Testing for SARS-CoV-2 antibodies in Cetaceans
When dealing with SARS-CoV-2 antibodies and, more in general, with anti-SARS-CoV-2 immune response, adequate attention should be also paid to animal species, both domestic/domesticated (such as cats, ferrets and, to a lesser extent, dogs) and wild (such as lions, tigers, non-human primates and minks kept in captivity), which have been reported to be susceptible, at various degrees, to the Coronavirus pathogen responsible for CoViD-19 in mankind (1). Notably, a SARS-CoV-2 spillover from humans to farmed minks, coupled with a viral spillback from minks to humans, has been also described in the Netherlands (2).

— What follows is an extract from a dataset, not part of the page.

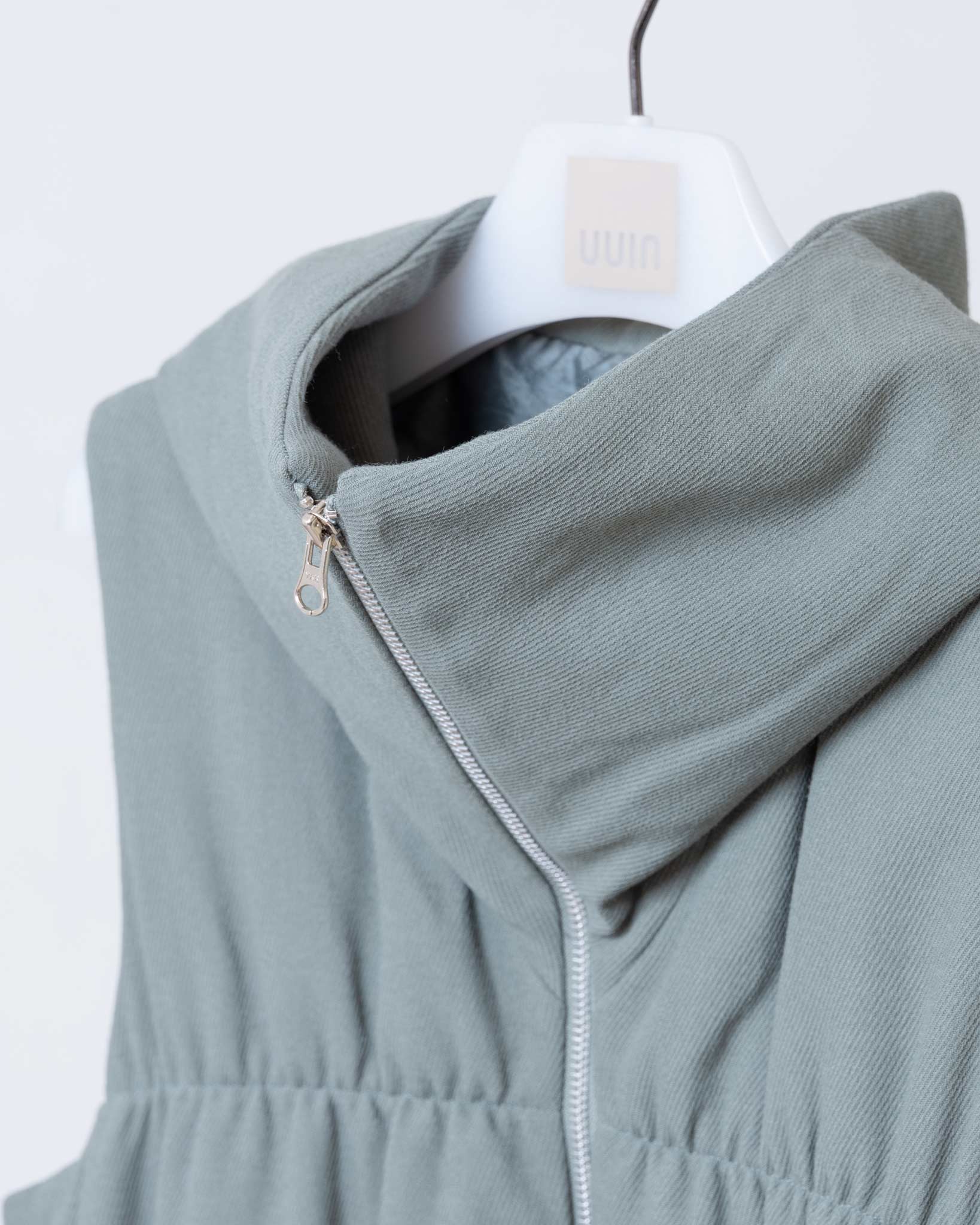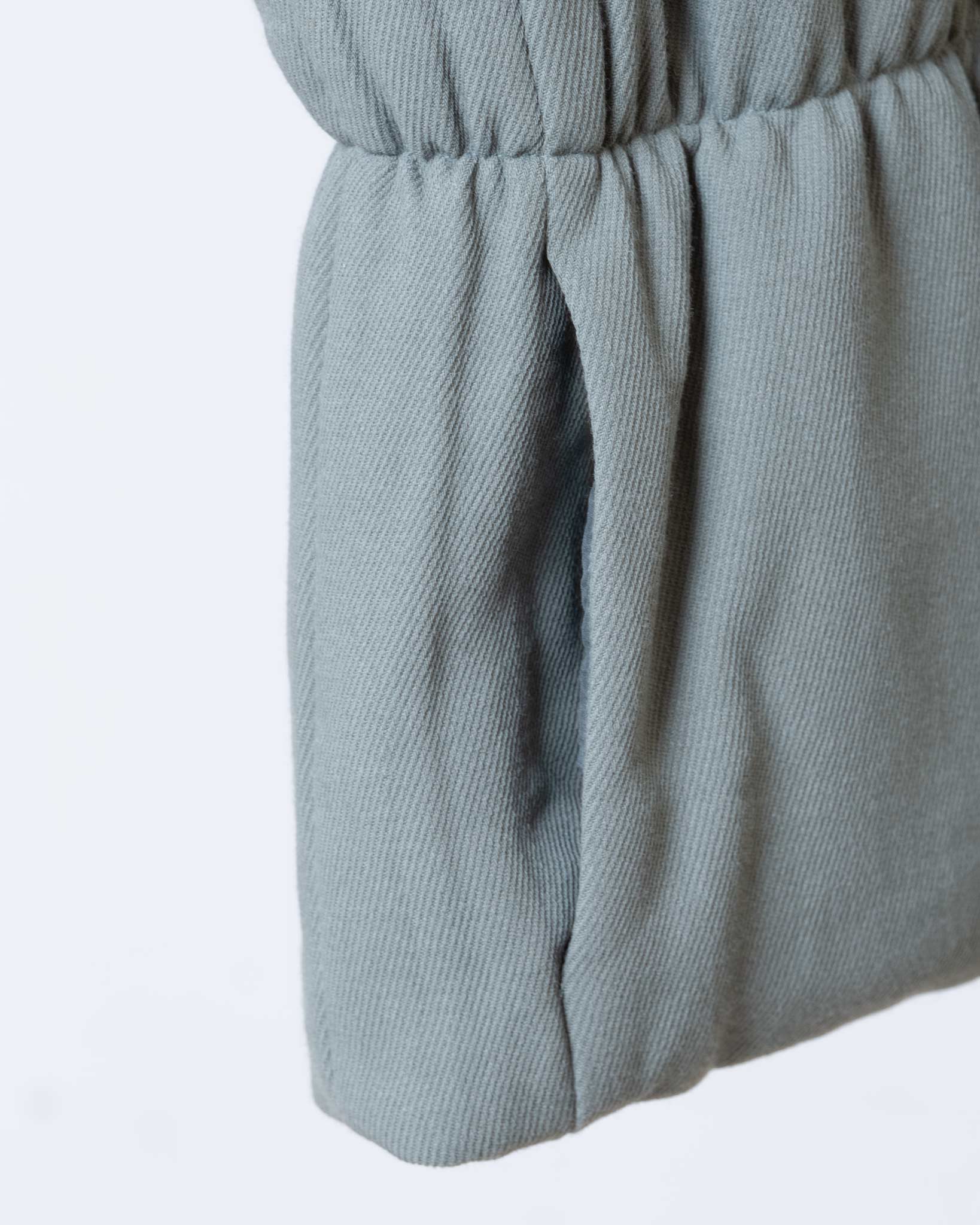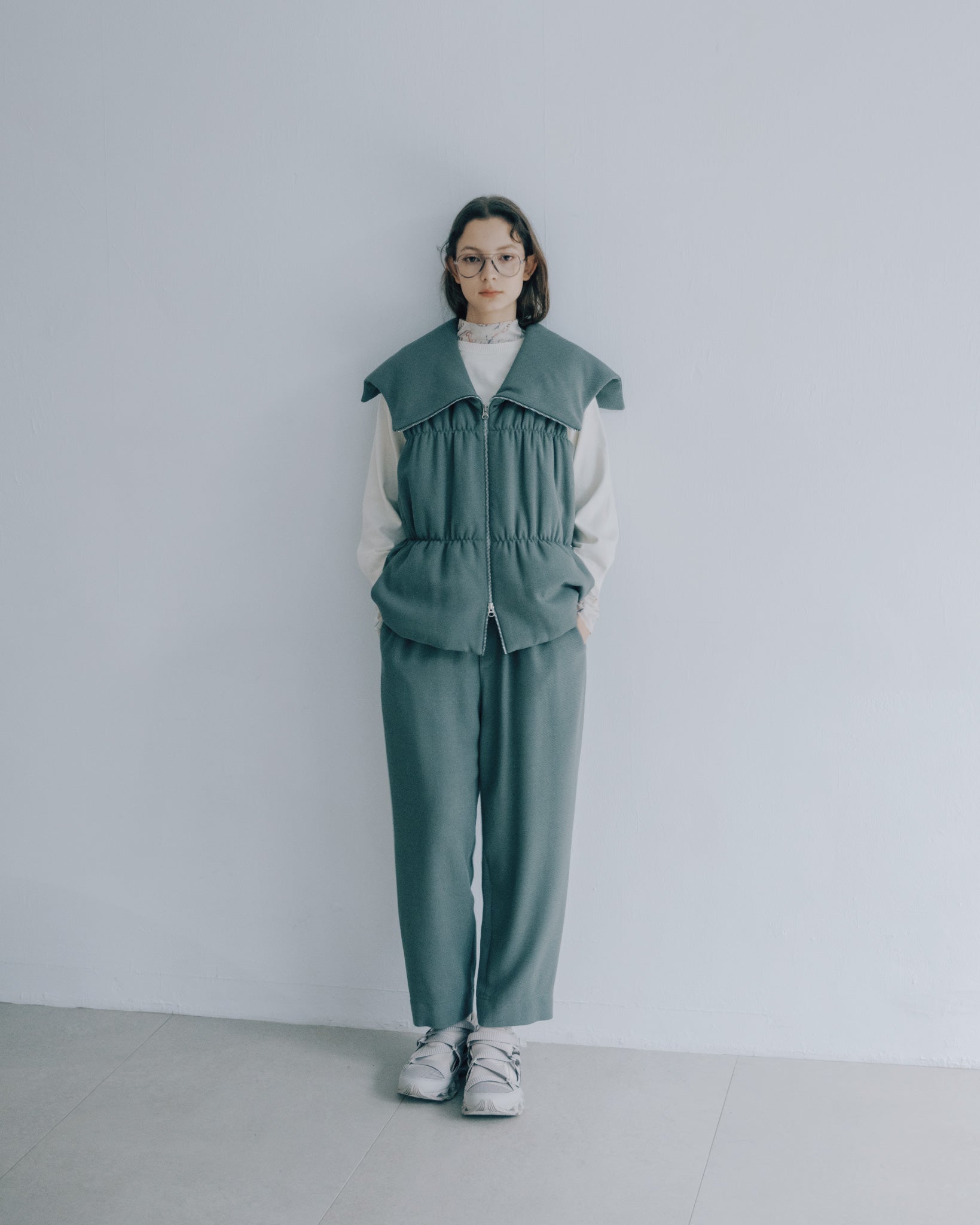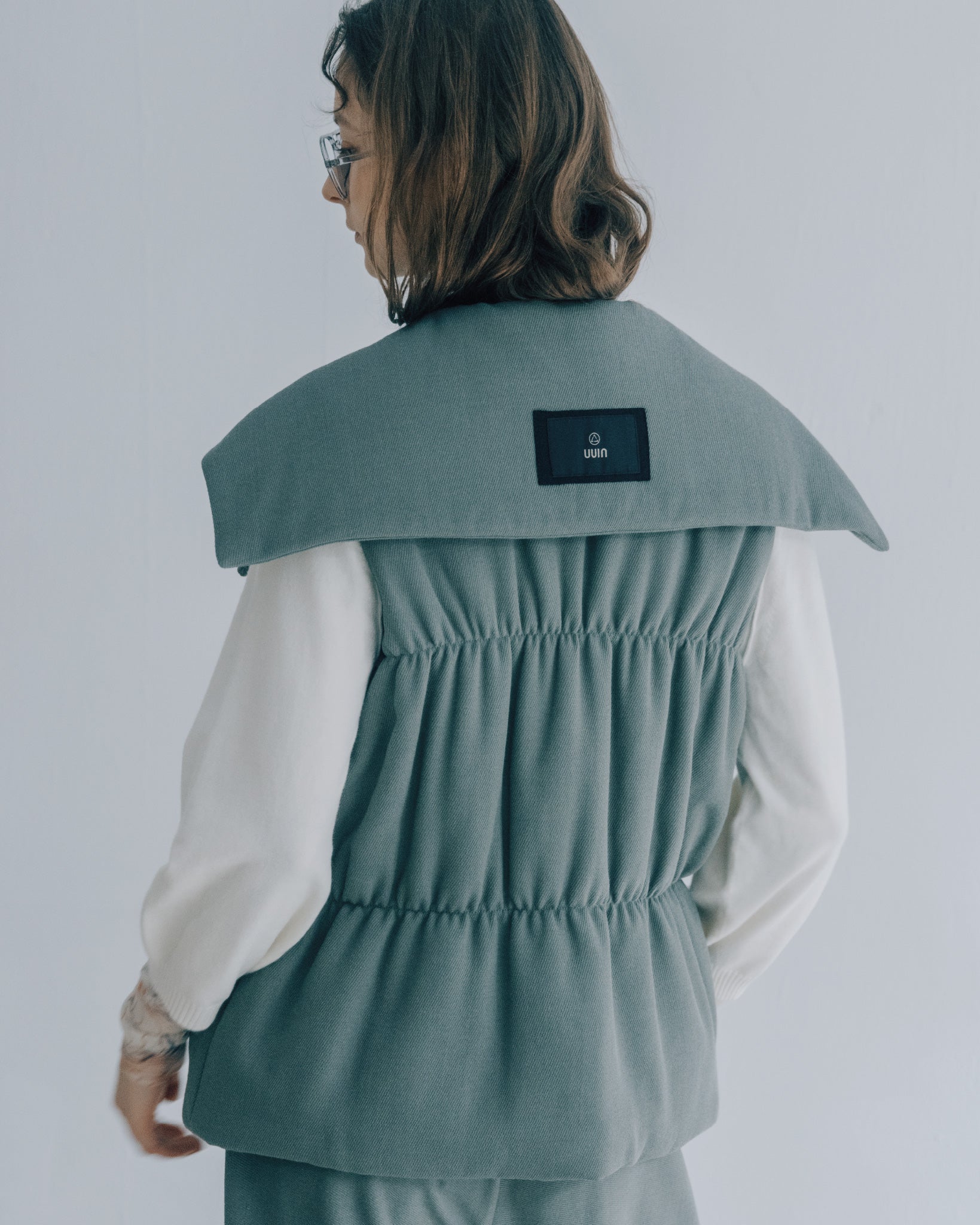 整體輪廓以俐落無袖剪裁,搭配大面積立體領片為亮點,形成鮮明的線條對比。上半身透過內斂的抽皺手法,使表面呈現自然鼓脹並富有層次。寬大立體的領型設計,以類斗篷式結構展開,呼應本季水兵領靈感元素。整體布料帶有細膩斜紋織理,微微的霧光感提升整體質感層次。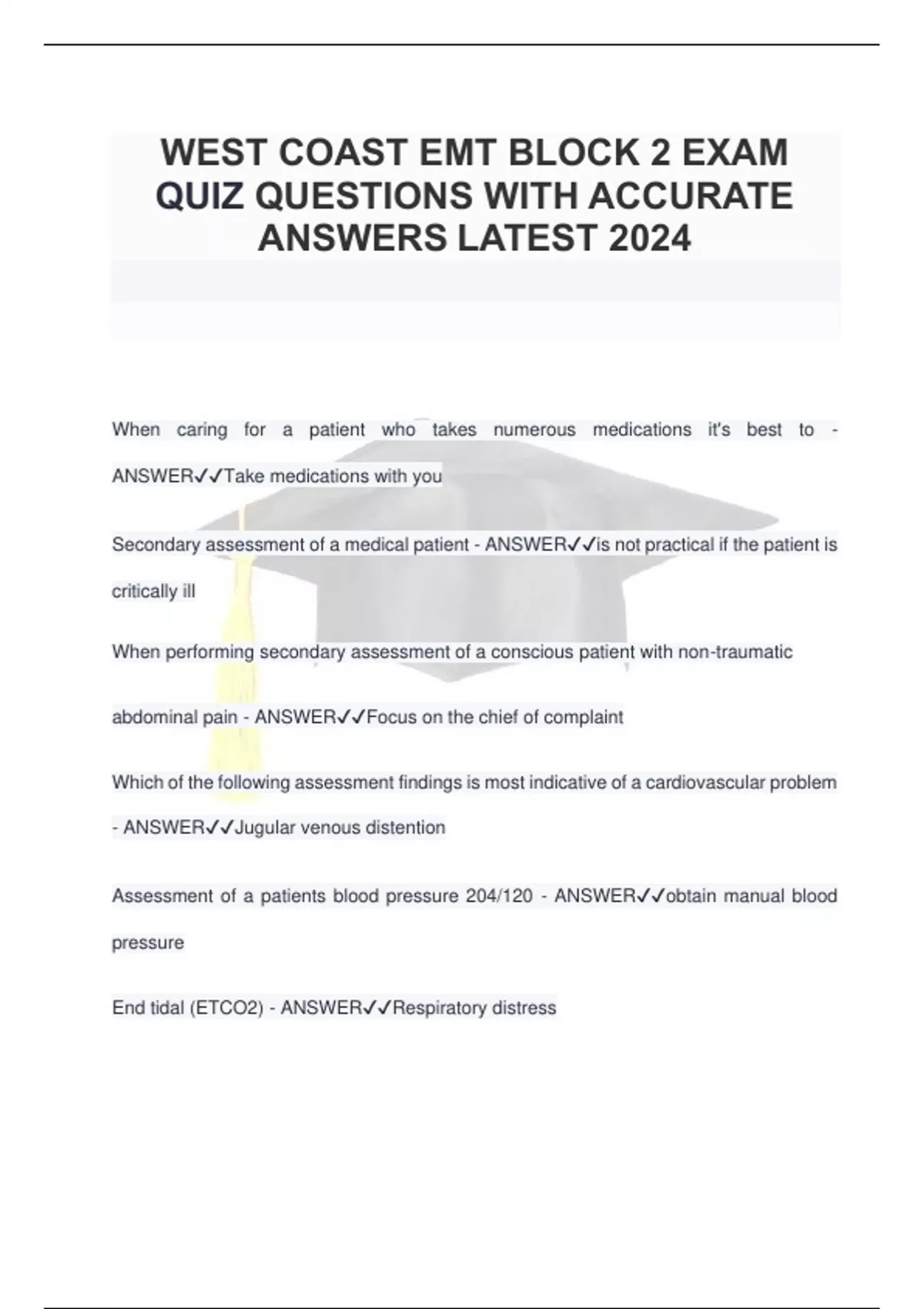 WEST COAST EMT BLOCK 2 EXAM QUIZ QUESTIONS WITH ACCURATE ANSWERS LATEST 2024.

Social distancing, hand washing and correct wearing of face masks have been clearly shown to confer strong protection against SARS-CoV-2 spread among people. In this respect, growing concern exists about the "environmental fate" of the aforementioned (disposable) masks, with marine (and terrestrial) contamination/pollution by millions (if not billions, provided that we are dealing with a pandemic!) of face masks being an absolutely realistic possibility. Indeed, a dramatically increasing marine pollution by plastic debris is already taking place across the entire Planet, with the "fish-to-plastic ratio", currently estimated to be 5:1, being expected to reach 1:1 by the year 2050 (3). This alarming context is made even more so by the fact that micro/nanoplastics are known to act as "attractors and concentrators" for a huge number of "persistent environmental contaminants" (like "heavy metals", PCBs, dioxins, "flame retardants", etc.), with Cetaceans (especially Odontocete Cetaceans like dolphins) being able to "accumulate" high levels of the aforementioned chemical pollutants inside their body tissues, given their position of "top predators" within the marine foodweb (4).
Obviously, this contaminant "transfer" through the alimentary chain may be consistently enhanced by micro/nanoplastics, following their acquirement on behalf of Cetaceans through ingestion of (plastic debris harbouring) prey. It has been additionally suggested that micro/nanoplastics could serve as "attractors and concentrators" also for infectious agents like Toxoplasma gondii, a protozoan pathogen of concern for free-ranging dolphins and whales (5). It is currently unknown, in fact, how "pelagic" or "offshore" cetacean species may acquire T. gondii infection, given the "dilution effect" plausibly exerted by the sea water towards this parasite (as well as, most likely, towards other protozoan and non-protozoan agents).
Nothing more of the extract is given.